Other than as determined by relevant laws and administration regulations, the Court held that if propagating material of a protected variety is “grown” without the rights holder’s permission, this constitutes the infringing conduct of “producing” the protected variety.
6. Whether propagating material is limited to the propagating material produced by the method of propagating on application?
The system of PVR protection protects those varieties that comply with the conditions of grant, and protects the propagating material of those varieties. The Court noted that although, at the time of applying for PVR a stem may be provided which has been obtained through the propagation method of grafting, this does not mean that the scope of protection for the granted variety only includes propagating material obtained through that propagation method.
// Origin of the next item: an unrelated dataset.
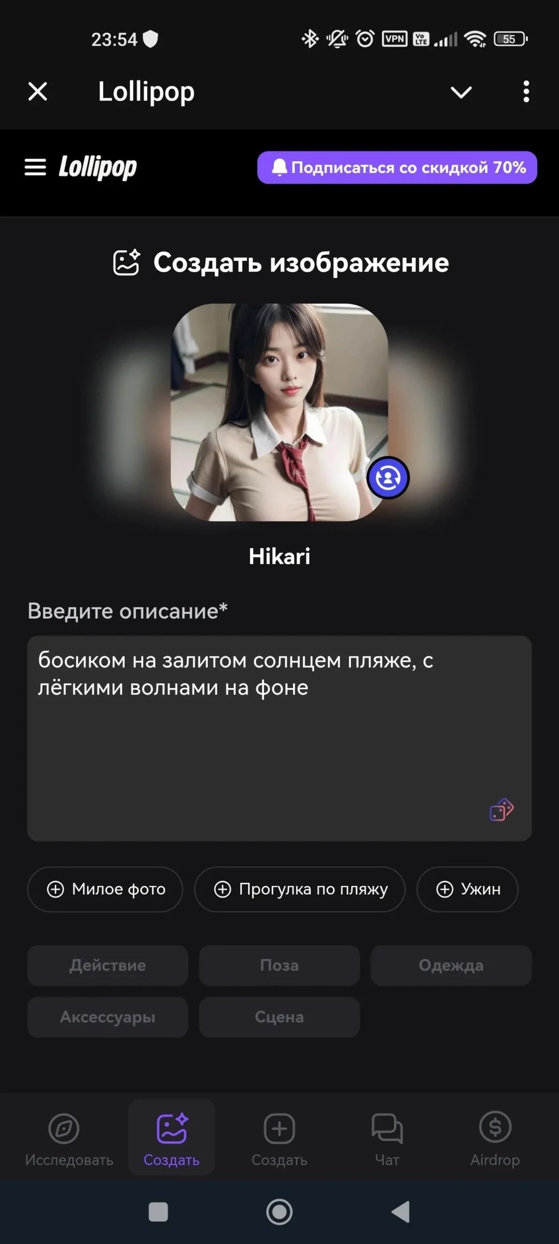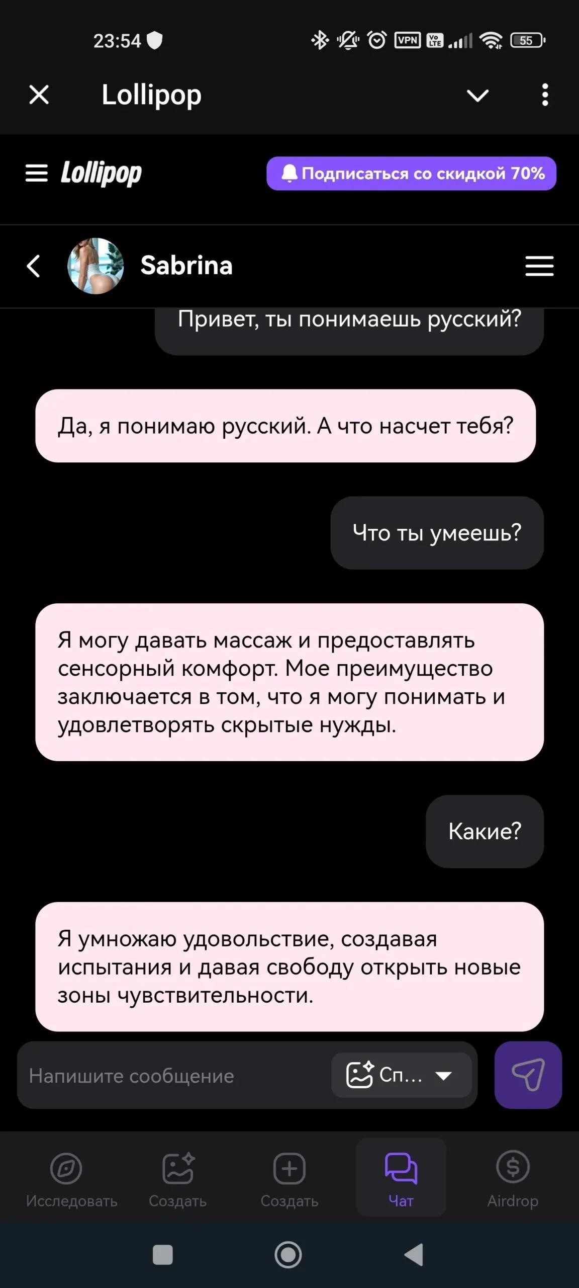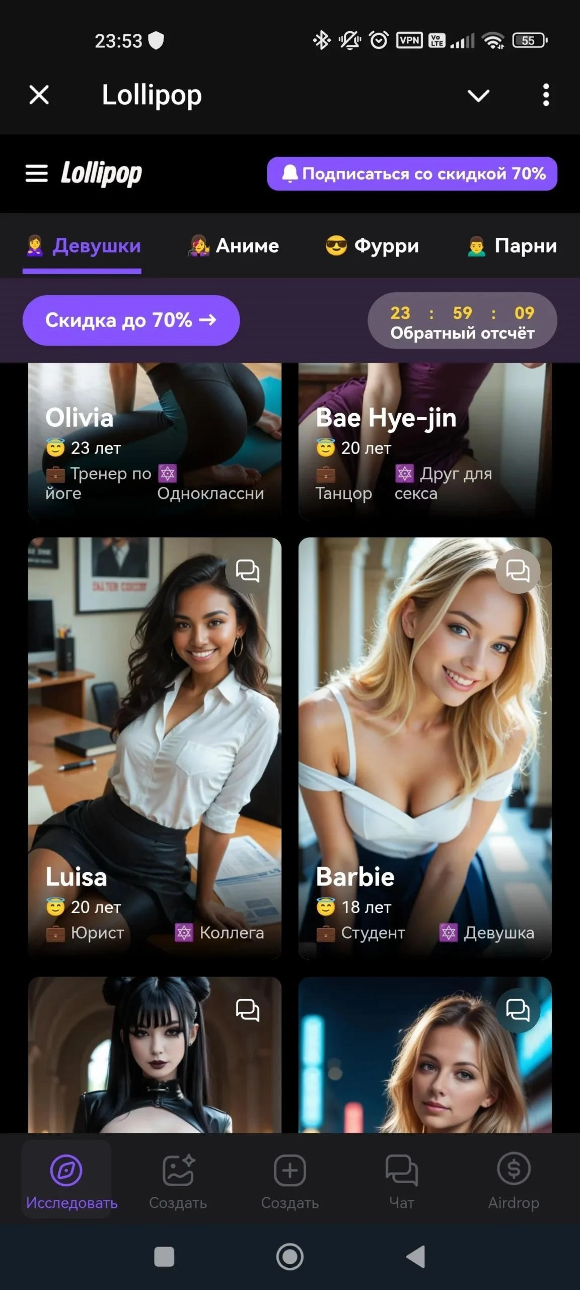 Lollipop 18+ - мини-приложение с ИИ-персонажами для общения, ролевых сценариев и лёгких мини-активностей. Сервис рассчитан на взрослых пользователей, поддерживает гибкую настройку героинь и позволяет переключаться между текстовыми и голосовыми диалогами.

A stem produced using other methods of propagation may also constitute propagating material. With developments in science and technology, plant parts other than stems may become commonly used by breeders for propagation. In this situation, such plant material will become the propagating material of the granted variety, and should fall within the scope of protection.
The clarified scope of propagating material
In summary in order to be considered propagating material, and fall within the scope of the right in China, the following conditions must be satisfied:
i. The material be living;
ii. The material must possess propagating ability;
iii. The material be able to propagate a plant which possesses the same traits and characteristics as the protected variety (i.e. propagate the variety true-to-type);
iv. Where sales are involved, the seller’s intention must be to sell the material as propagating material; and
v. The propagating material must ordinarily be used to propagate the variety the subject of the alleged infringement.
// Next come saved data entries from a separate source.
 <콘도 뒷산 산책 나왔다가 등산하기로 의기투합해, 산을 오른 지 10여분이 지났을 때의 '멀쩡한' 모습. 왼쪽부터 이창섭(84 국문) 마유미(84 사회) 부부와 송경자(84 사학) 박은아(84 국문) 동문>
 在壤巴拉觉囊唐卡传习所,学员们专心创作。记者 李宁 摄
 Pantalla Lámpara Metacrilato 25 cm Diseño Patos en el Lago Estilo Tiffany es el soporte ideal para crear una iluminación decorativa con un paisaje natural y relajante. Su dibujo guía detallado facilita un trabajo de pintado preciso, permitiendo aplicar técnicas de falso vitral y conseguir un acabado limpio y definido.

The judgment in this case is welcomed in the respect that it provides clarity on the scope of the right in China, arguably more clarity than exists in other countries. On the other hand, the judgment sets limits on the scope of the right, so that harvested material sold for the purpose of consumption does not fall within the scope of the right.
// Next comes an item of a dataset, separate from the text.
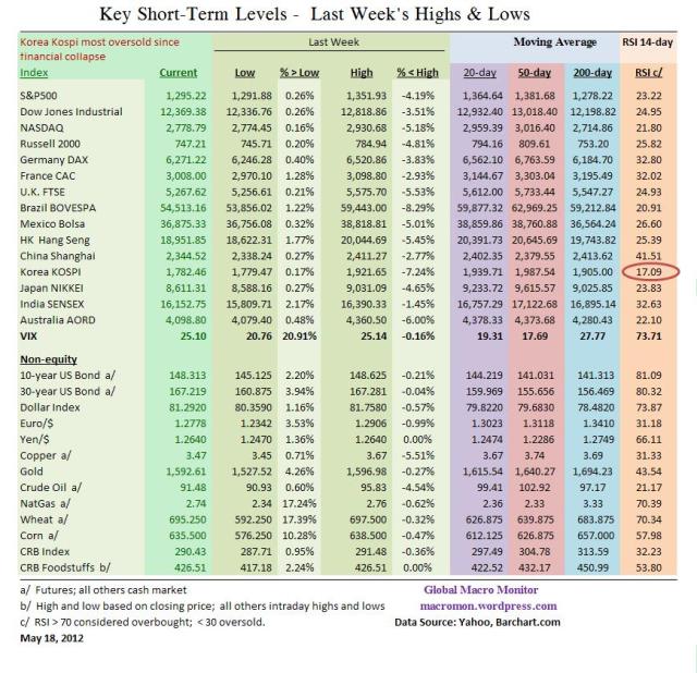 S&P500, Dow, Nasdaq, Russell, DAX, FSTE, BOVESPA, Mexico IPC, Kospi, and All Ordinaries have worst week of 2012.

This is the first case of PVR infringement since the establishment of the Intellectual Property Rights Tribunal under Supreme People’s Court at the end of 2018. The legal clarity provided by the case is a representation of the significant progress in China’s Plant Variety Rights system.
At the beginning of this year China released a draft revision to its PVR Regulations drawing from years of research of PVR systems globally and China’s own situation. The draft regulations are progressive and forward looking in line with the hope that China can become a leader in PVR protection, creating a more effective system which other countries can draw from. Among other things the draft regulations protect harvested material provided the rights holder has not had a reasonable opportunity to exercise its rights over the propagating material.
The Appellant was disappointed that the Supreme People’s Court rejected the Appellant’s claim that sales of pomelo fruit in supermarkets fell within the scope of the breeder’s right and felt that the case was not in line with the policy released two years ago in which the Chinese Communist Party and the State Council requested and urged the protection of intellectual property rights by creative thought. However, the judgement was made based on the existing Seed Law and PVR Regulations. Now we look forward to seeing whether protection will be directly extended to harvested material under the revised regulations.
Directly protecting harvested material is important for fruit and ornamental breeders where much of the breeding effort is focused on this material. CIOPORA has provided its comments on the draft regulations that the right be directly extended to harvested material. The regulations are now being progressed through the Chinese legislative approval processes.
We understand that the revised regulations will be announced early next year. We will look forward to reporting on the result.